The type models expose several methods:

->setId(string $id)

The method sets the unique ID of the model. With the ID, you can cross-reference types on the same page or between different pages (and even between different web sites) without repeating all the properties.

It is common to use an IRI as ID like in the above example. Please keep in mind that the ID should be consistent between changes of the properties, e.g. if a person marries and the name is changed. The person is still the same, so the IRI should be.

The IRI is no URL, so it is acceptable to give a “404 Not Found” back if you call it in a browser.

Parameters:

Parameter Description
string $id The unique id to set

Return value:

Returns a reference to itself.

->getId()

Return value:

A previously set id or null (if not set).

->setProperty(string $propertyName, $propertyValue)

You call this method to set a property or override a previously one.

Parameters:

Parameter Description
string $propertyName The property name to set. If the property does not exist in the model, an exception is thrown.
string | array | AbstractType $propertyValue The value of the property to set. This can be a string, another model or an array of strings or models. Also null is possible to clear the property value.

Return value:

Returns a reference to the model itself.

->addProperty(string $propertyName, $propertyValue)

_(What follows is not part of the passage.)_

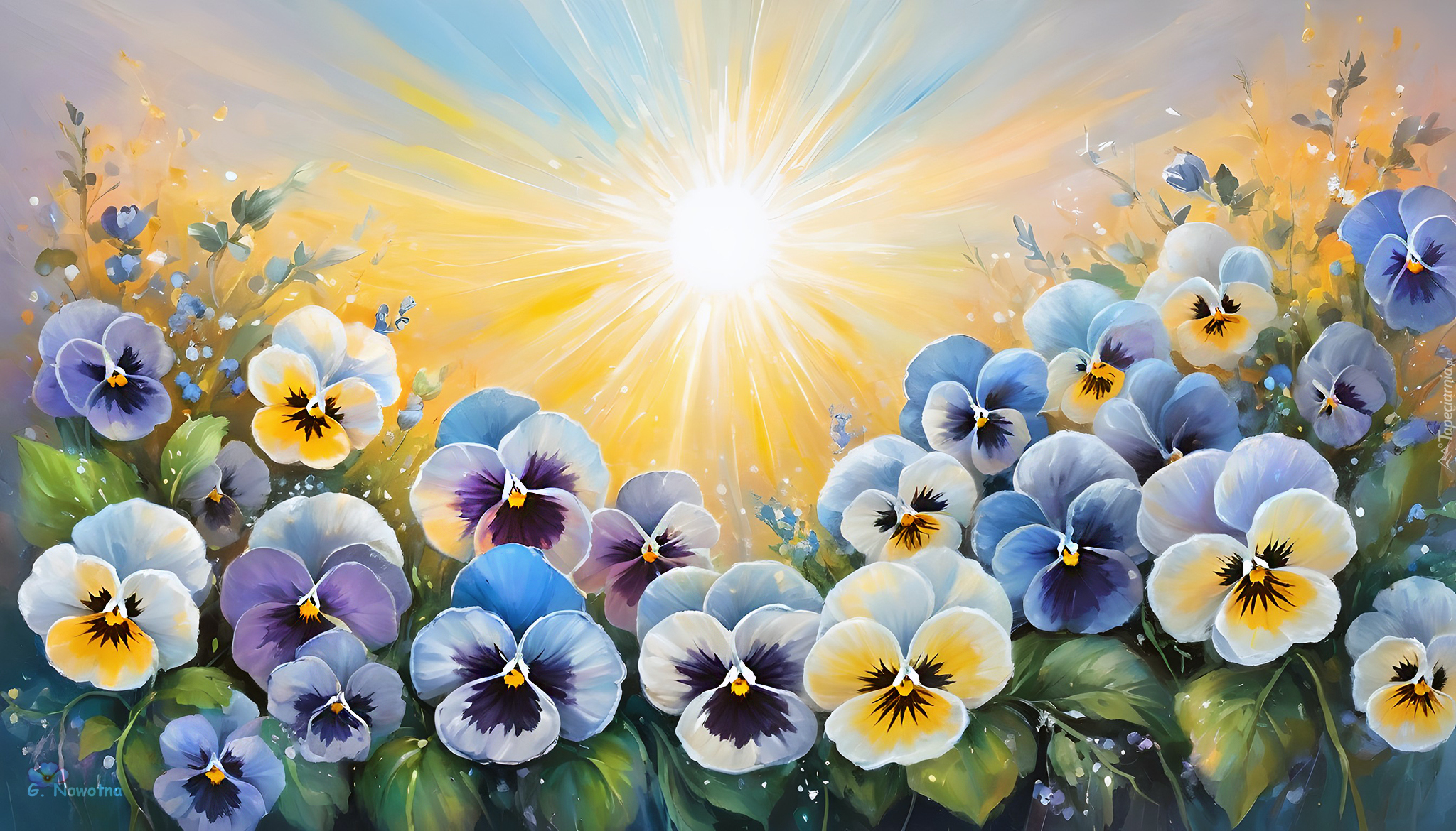 Edytor tapety: Żółte i niebieskie bratki w słonecznych promieniach

Call this method if you want to add a value to an existing one. In the example above, you can see that addProperty is used to add a second value to the sameAs property.

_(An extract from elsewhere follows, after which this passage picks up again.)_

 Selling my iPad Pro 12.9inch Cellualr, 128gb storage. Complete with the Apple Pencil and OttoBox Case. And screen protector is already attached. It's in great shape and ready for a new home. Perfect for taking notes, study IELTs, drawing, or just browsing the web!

Calling the addProperty method on a property that has no value assigned has the same effect as calling setProperty. So you can safely use it, e.g. in a loop, to set some values on a property.

Parameters:

Parameter Description
string $propertyName The property name to set. If the property does not exist in the model, an exception is thrown.
string | array | AbstractType $propertyValue The value of the property to set. This can be a string, another model or an array of strings or models. Also null is possible to clear the property value.

Return value:

Returns a reference to the model itself.

->setProperties(array $properties)

Set multiple properties at once.

Parameters:

Parameter Description
array $properties The properties to set. The key of the array is the property name, the value is the property value. Allowed as values are the same as with the method ->setProperty().

Return value:

Returns a reference to the model itself.

->getProperty(string $propertyName)

Get the value of a property.

Parameters:

Parameter Description
string $propertyName The property name to get the value from. If the property name does not exist in the model, an exception is thrown.

Return value:

The value of the property (string, model, array of strings, array of models, null).

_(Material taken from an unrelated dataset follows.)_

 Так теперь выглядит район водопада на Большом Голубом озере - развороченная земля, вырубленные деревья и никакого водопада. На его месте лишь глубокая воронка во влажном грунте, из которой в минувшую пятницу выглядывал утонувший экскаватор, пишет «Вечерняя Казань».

->hasProperty(string $propertyName)

Check whether the property name exists in a particular model.

Parameters:

Parameter Description
string $propertyName The property name to check.

Return value:

true, if the property exists and false, otherwise.

->clearProperty(string $propertyName)

Resets the value of the property (set it to null).

Parameters:

Parameter Description
string $propertyName The property name to set. If the property does not exist in the model, an exception is thrown.

Return value:

Returns a reference to the model itself.

->getPropertyNames()

Return value:

Return all property names of the model in an array.

->isEmpty()

Checks, whether all properties of the models are empty.

Return value:

true if all properties have an empty value, false otherwise.